▶ [Problem requirements]: Exact copies of all the lines below are required, with the pictures omitted.

▶ [Data segment]:
------------
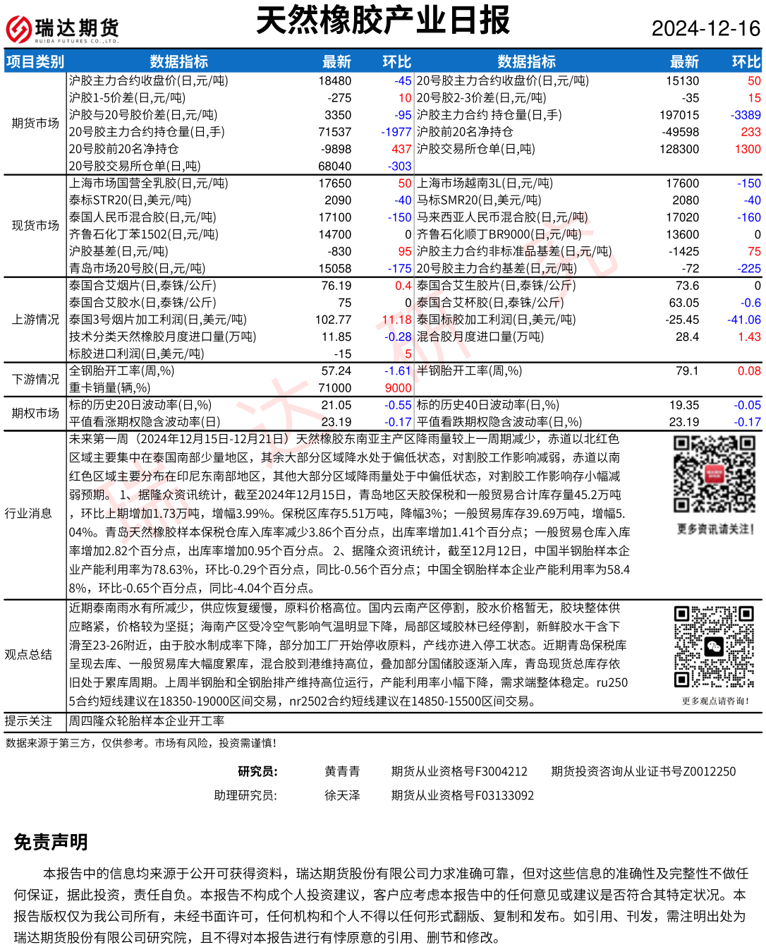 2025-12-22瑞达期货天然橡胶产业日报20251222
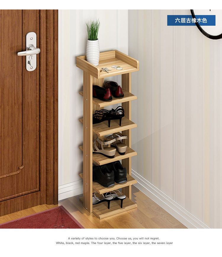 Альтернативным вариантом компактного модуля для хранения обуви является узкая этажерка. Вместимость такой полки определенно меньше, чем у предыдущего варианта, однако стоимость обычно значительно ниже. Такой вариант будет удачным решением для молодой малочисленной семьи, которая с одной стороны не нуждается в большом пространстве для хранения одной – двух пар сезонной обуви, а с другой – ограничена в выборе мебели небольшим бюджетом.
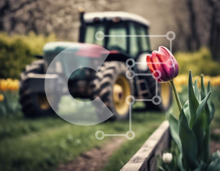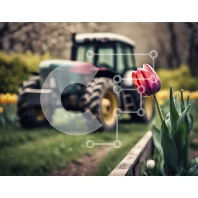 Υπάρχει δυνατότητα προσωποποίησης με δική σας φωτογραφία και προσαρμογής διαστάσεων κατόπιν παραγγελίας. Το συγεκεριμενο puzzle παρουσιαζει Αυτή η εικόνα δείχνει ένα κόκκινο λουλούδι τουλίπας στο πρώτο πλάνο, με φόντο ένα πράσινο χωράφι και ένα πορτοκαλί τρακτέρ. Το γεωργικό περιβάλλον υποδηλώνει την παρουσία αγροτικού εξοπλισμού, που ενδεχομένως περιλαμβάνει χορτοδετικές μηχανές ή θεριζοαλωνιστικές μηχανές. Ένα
------------
▶ [Task output]:
 2025-12-22瑞达期货天然橡胶产业日报20251222
 Альтернативным вариантом компактного модуля для хранения обуви является узкая этажерка. Вместимость такой полки определенно меньше, чем у предыдущего варианта, однако стоимость обычно значительно ниже. Такой вариант будет удачным решением для молодой малочисленной семьи, которая с одной стороны не нуждается в большом пространстве для хранения одной – двух пар сезонной обуви, а с другой – ограничена в выборе мебели небольшим бюджетом.
 Υπάρχει δυνατότητα προσωποποίησης με δική σας φωτογραφία και προσαρμογής διαστάσεων κατόπιν παραγγελίας. Το συγεκεριμενο puzzle παρουσιαζει Αυτή η εικόνα δείχνει ένα κόκκινο λουλούδι τουλίπας στο πρώτο πλάνο, με φόντο ένα πράσινο χωράφι και ένα πορτοκαλί τρακτέρ. Το γεωργικό περιβάλλον υποδηλώνει την παρουσία αγροτικού εξοπλισμού, που ενδεχομένως περιλαμβάνει χορτοδετικές μηχανές ή θεριζοαλωνιστικές μηχανές. Ένα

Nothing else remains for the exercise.